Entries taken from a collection
--- START ---

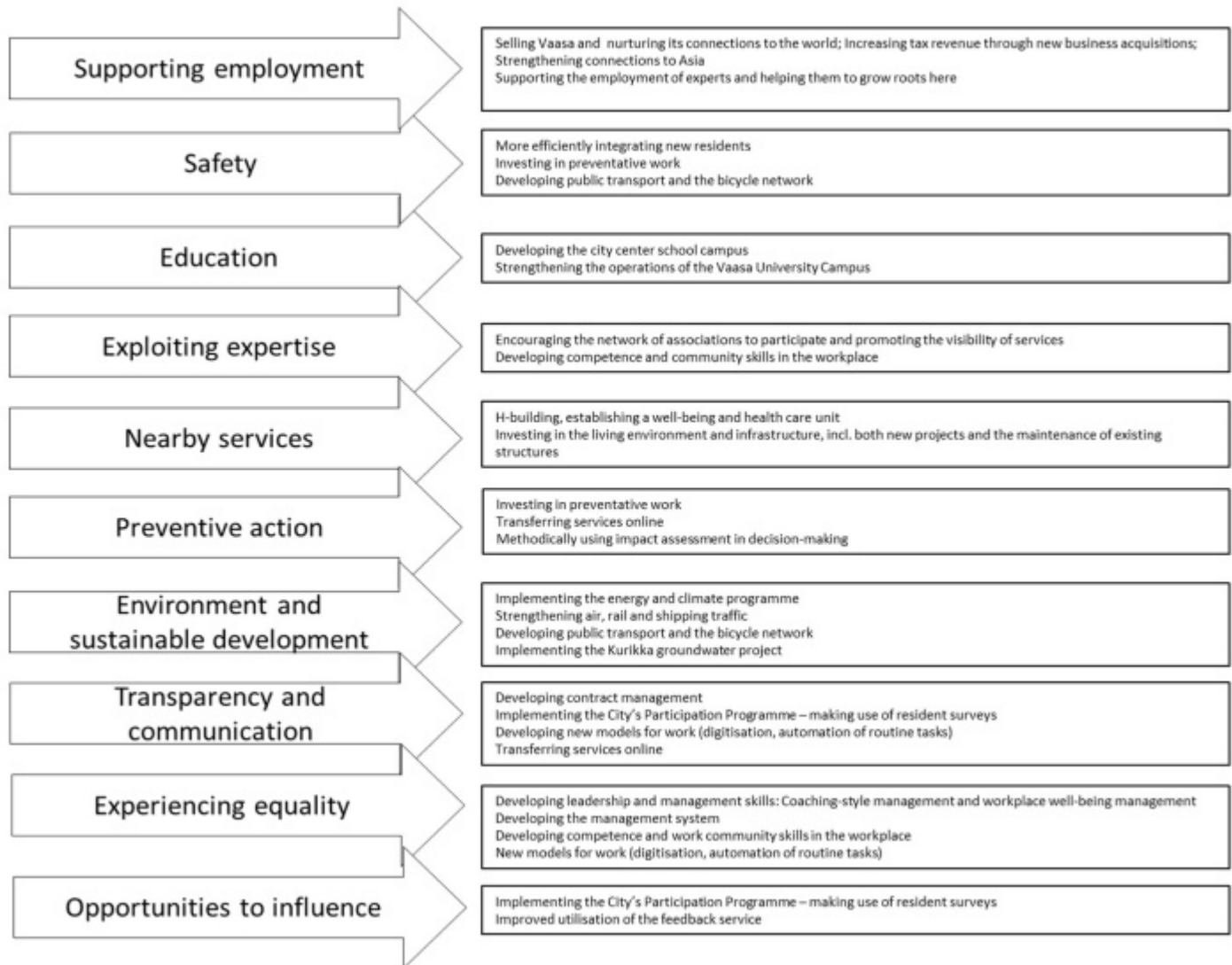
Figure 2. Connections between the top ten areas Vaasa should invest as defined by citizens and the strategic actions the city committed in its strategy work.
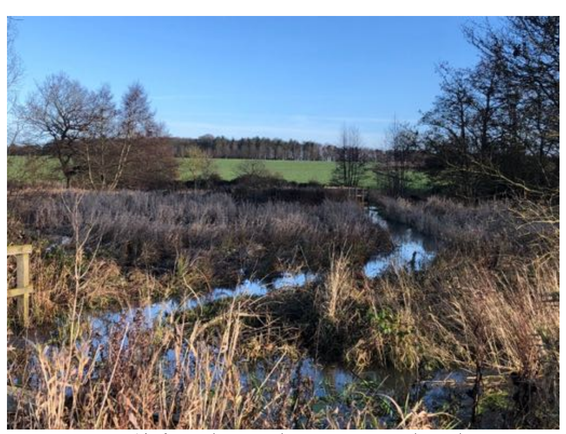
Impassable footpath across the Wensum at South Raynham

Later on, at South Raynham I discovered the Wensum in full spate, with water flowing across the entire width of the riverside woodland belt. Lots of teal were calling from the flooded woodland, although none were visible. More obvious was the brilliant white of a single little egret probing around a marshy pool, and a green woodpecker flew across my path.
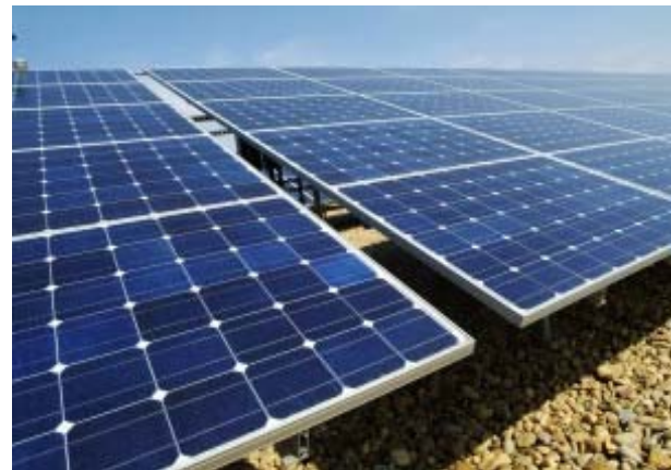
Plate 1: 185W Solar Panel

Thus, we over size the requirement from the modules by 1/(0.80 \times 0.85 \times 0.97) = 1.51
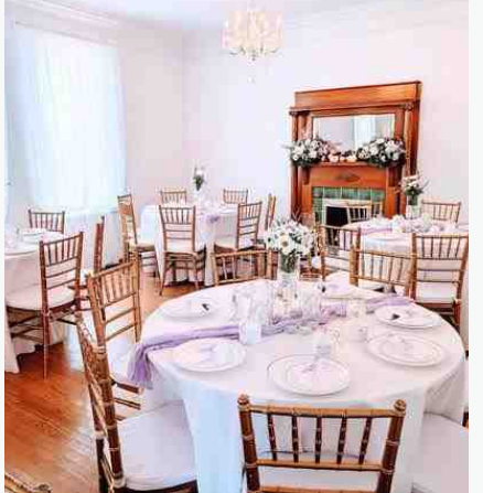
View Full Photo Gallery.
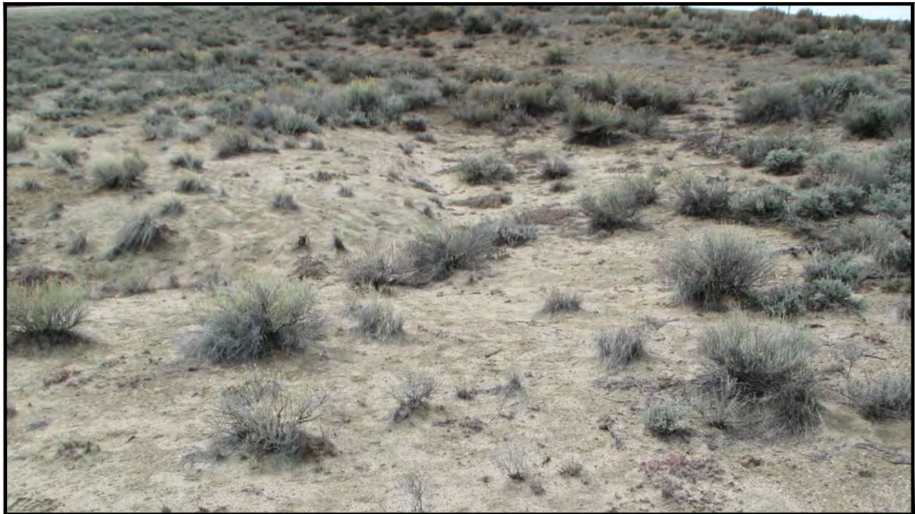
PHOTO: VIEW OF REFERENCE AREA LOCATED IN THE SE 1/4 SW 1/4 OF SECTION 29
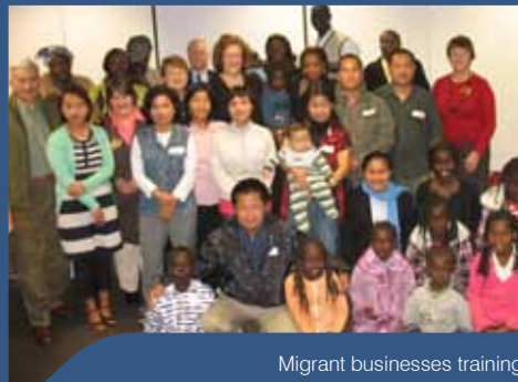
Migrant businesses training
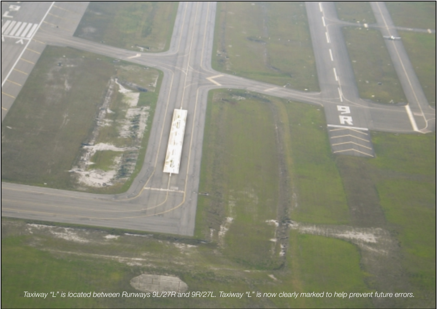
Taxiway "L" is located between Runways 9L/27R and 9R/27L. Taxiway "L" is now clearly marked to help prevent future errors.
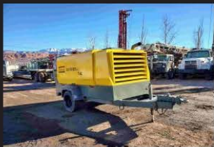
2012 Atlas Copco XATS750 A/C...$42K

--- END ---
--- START ---

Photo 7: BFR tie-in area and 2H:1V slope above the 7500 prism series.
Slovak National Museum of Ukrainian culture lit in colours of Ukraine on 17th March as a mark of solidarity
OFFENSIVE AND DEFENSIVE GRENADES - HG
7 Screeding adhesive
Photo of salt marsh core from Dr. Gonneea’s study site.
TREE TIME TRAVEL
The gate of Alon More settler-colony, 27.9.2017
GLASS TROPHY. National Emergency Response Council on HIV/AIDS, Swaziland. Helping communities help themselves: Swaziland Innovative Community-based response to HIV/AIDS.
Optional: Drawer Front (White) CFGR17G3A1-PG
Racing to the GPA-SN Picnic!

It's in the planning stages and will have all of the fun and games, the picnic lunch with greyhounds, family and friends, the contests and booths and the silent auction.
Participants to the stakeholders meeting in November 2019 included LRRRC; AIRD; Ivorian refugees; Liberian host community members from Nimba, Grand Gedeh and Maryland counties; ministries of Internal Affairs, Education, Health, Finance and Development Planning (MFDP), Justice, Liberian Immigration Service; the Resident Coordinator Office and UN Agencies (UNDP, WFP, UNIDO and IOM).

--- END ---
--- START ---

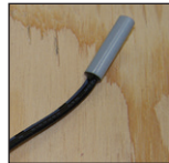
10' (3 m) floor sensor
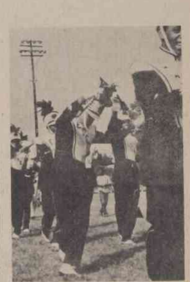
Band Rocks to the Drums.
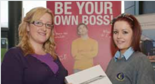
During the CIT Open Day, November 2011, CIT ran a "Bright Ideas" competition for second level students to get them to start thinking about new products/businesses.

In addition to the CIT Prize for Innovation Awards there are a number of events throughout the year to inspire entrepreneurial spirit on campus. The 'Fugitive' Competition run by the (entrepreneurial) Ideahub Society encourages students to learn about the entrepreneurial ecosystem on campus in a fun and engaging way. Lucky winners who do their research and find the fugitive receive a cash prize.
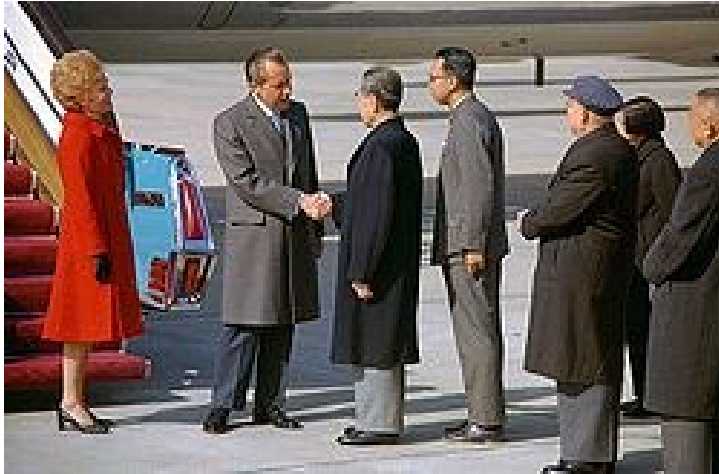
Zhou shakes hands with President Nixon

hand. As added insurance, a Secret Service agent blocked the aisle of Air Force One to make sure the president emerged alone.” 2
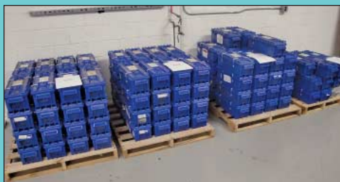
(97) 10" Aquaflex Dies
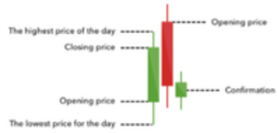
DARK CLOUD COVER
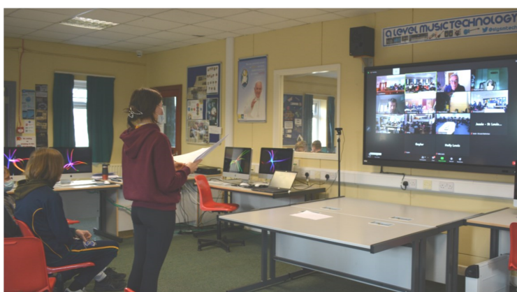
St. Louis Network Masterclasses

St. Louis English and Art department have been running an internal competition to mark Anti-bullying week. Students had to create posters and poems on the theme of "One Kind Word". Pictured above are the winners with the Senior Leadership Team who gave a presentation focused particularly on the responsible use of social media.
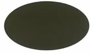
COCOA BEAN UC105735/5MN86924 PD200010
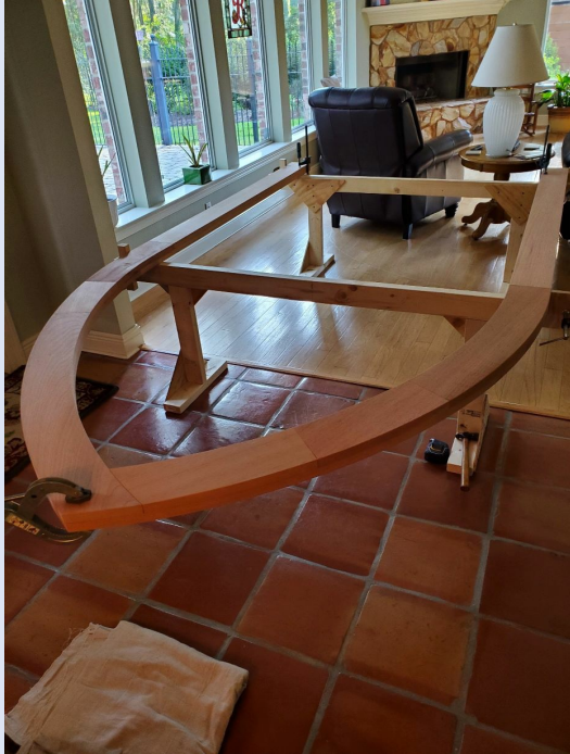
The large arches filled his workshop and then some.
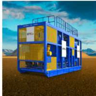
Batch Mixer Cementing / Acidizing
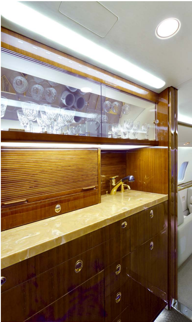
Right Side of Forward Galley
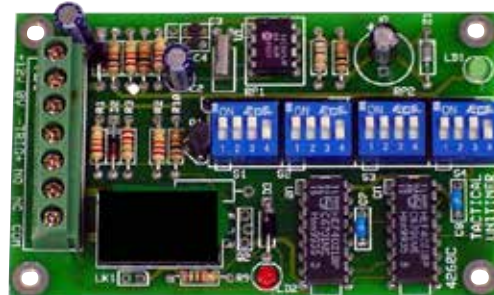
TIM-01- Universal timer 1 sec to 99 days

--- END ---

Only one stretch of the records above is wanted: the lines between the one holding "GLASS TROPHY. National" and the one holding "It's in the", inclusive, reproduced exactly.

* _Reply_
GLASS TROPHY. National Emergency Response Council on HIV/AIDS, Swaziland. Helping communities help themselves: Swaziland Innovative Community-based response to HIV/AIDS.
Optional: Drawer Front (White) CFGR17G3A1-PG
Racing to the GPA-SN Picnic!

It's in the planning stages and will have all of the fun and games, the picnic lunch with greyhounds, family and friends, the contests and booths and the silent auction.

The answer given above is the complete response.